The law bans flights that could be completed by a train journey of 2.5 hours or less in France.

Transport Minister Clément Beaune called the move “a world first…which is fully in line with the Government's policy of encouraging the use of modes of transport that emit less greenhouse gas”.

President Emmanuel Macron tweeted that the law was an example of a “kept promise”.

Roissy flights still operating

However, the law does have two exceptions that stop it from being applied as simply as the ‘2.5-hour train’ rule would suggest.

These include:

  • The calculation of the train journey time. For example, Paris-Orly is within the Paris boundaries, so a train journey to Paris would be calculated to the city centre. But Roissy Charles-de-Gaulle is further away, so a train journey ‘to Paris’ from there would take longer.
  • The time of train services. Visitors must be able to spend at least eight hours in the destination city for the rule to apply (meaning there is a gap of at least eight hours between return trains). Some services do not fit into this schedule, making them exempt.

As a result, flights from Charles-de-Gaulle are continuing, including:

  • Paris Charles-de-Gaulle to Lyon: Five flights per day
  • Paris CDG-Bordeaux: Five flights per day
  • Paris CDG-Nantes: Four flights per day
  • Paris CDG-Rennes: One flight per day

Including return flights, this adds up to 30 flights per day, for destinations that technically can be reached by a train journey of 2.5 hours or less.

This is because Charles-de-Gaulle is not considered to be the same as central Paris. As Roissy has a TGV station, the flight and train times are calculated as, for example, Roissy-Nantes, rather than Paris-Nantes.

It takes longer than 2.5 hours for this journey, so the flights remain in place.

Only three routes cancelled

And, because of the ‘eight-hour’ rule, flights of less than an hour are continuing between Paris CDG and Lyon, and Marseille, because there are not enough services to allow someone to make the return journey in a single day, every day.

This is despite the train journey time clocking in at just over two hours.

In fact, the new rule has only successfully cancelled three routes:

  • Paris Orly-Nantes
  • Paris Orly-Bordeaux
  • Paris Orly-Lyon

In addition, these routes were already not in operation, because the government had already stopped Air France from operating them in 2020, at the height of Covid, due to a lack of financial support.

Ultimately, this means that at least in terms of the number of flights in operation, the new law has not changed much.

‘Not effective in reducing carbon emissions’

The ban has received criticism from within the aviation industry as well.

Thomas Juin, the president of the Union of French Airports, has also said that “the ban on these flights will not be very effective in reducing carbon emissions”.

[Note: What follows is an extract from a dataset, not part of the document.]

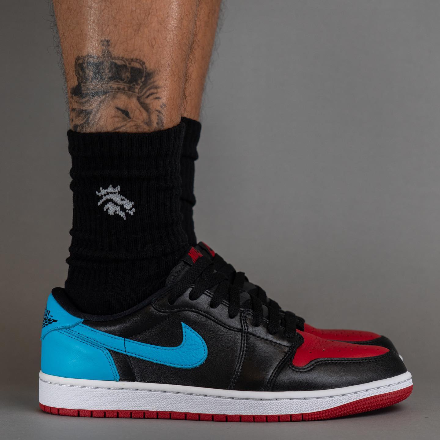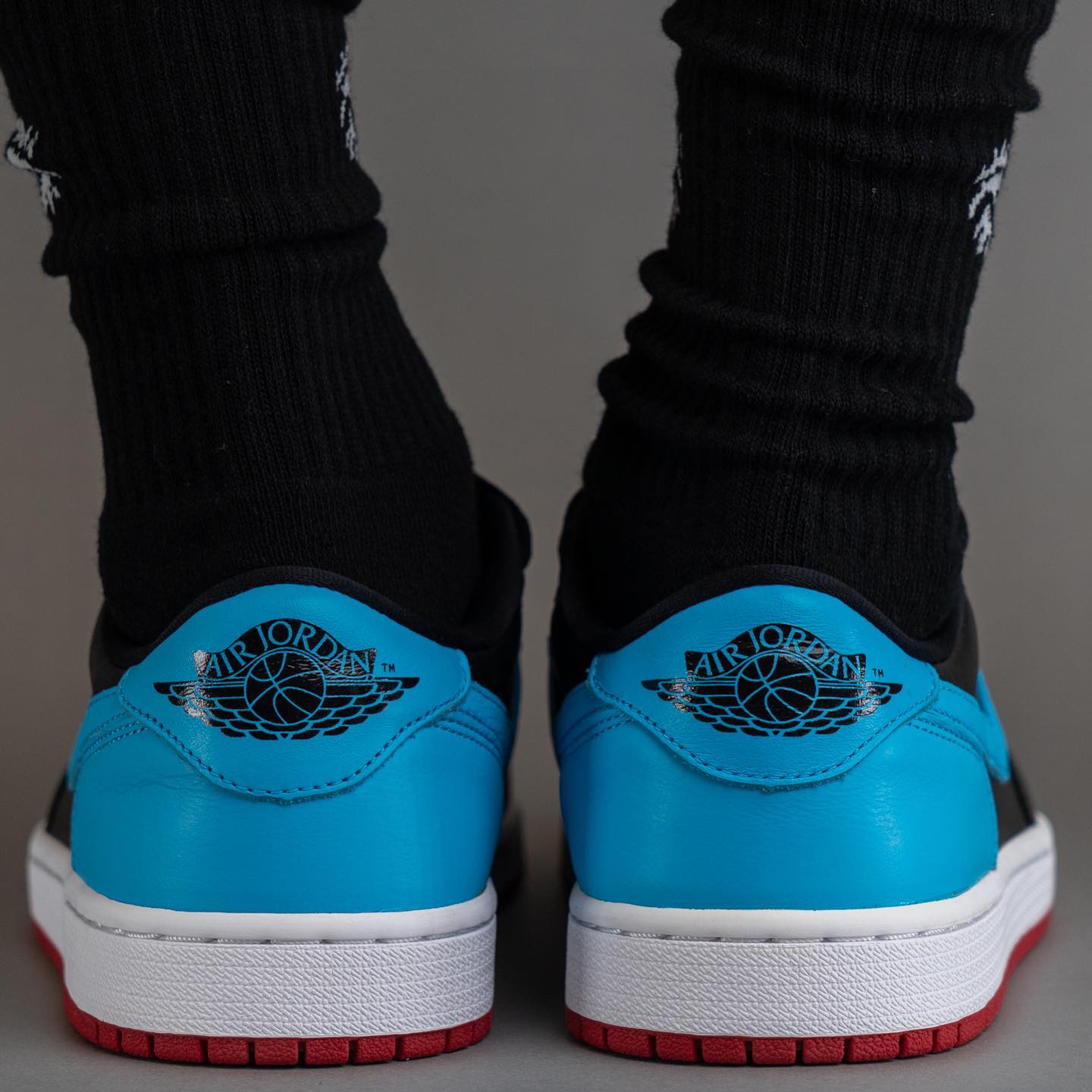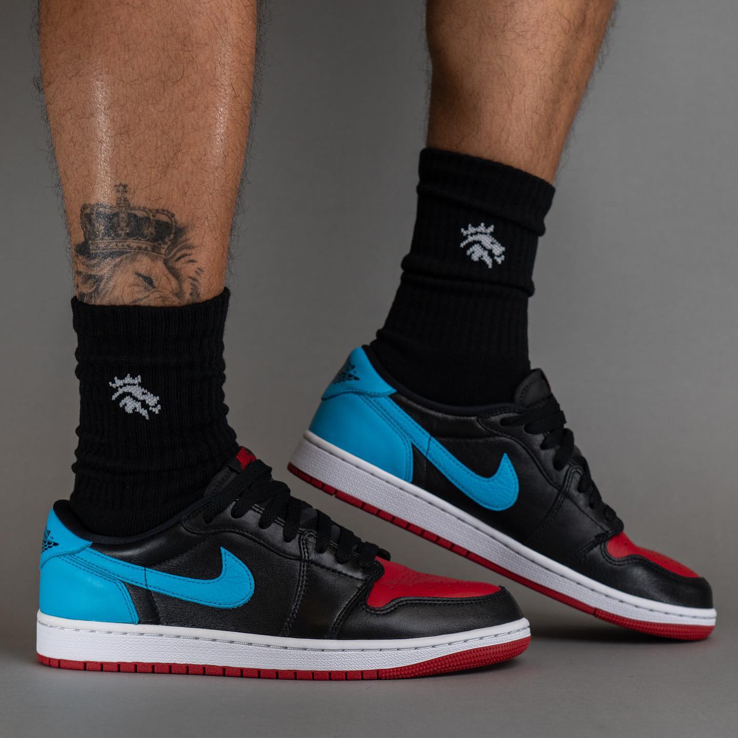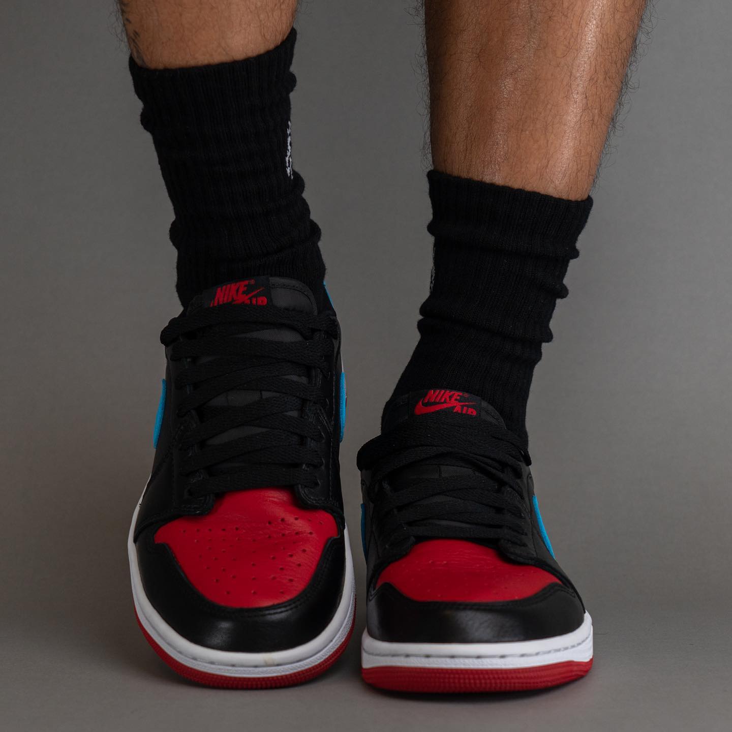 整双鞋采用黑色为主调,辅以红、蓝点缀,一次性将「禁穿」和「北卡」配色呈现,视觉效果格外讨喜。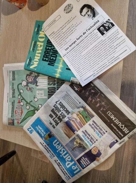 Tous les lundis matins, les résidents se donnent rendez-vous pour la revue de presse! L'occasion d'évoquer les sujets nationaux et internationaux, entre inquiétude, gravité, optimisme et légèreté... Ce rendez-vous incontournable lance la semaine grâce à des supports variés : les journaux télévisés écoutés par les résidents, les journaux auxquels nous sommes abonnés (Seniors Hebdo, Vite Lu) mais aussi des articles variés proposés par la presse nationale. C'est un moment d'échanges et de discussions parfois vives, parfois consensuelles.

He said: “We challenge this idea that reducing carbon emissions from the aviation sector could involve banning air routes in the coming years… the routes concerned represent 0.24% of air transport emissions in France.”

He also said that some of the flights offer important social links, in comparison to other routes that see fewer passengers but more emissions, adding that the ban “underestimates the impact and the social and economic usefulness of an air link” and pointed out that the Orly-Bordeaux route carries 600,000 passengers per year.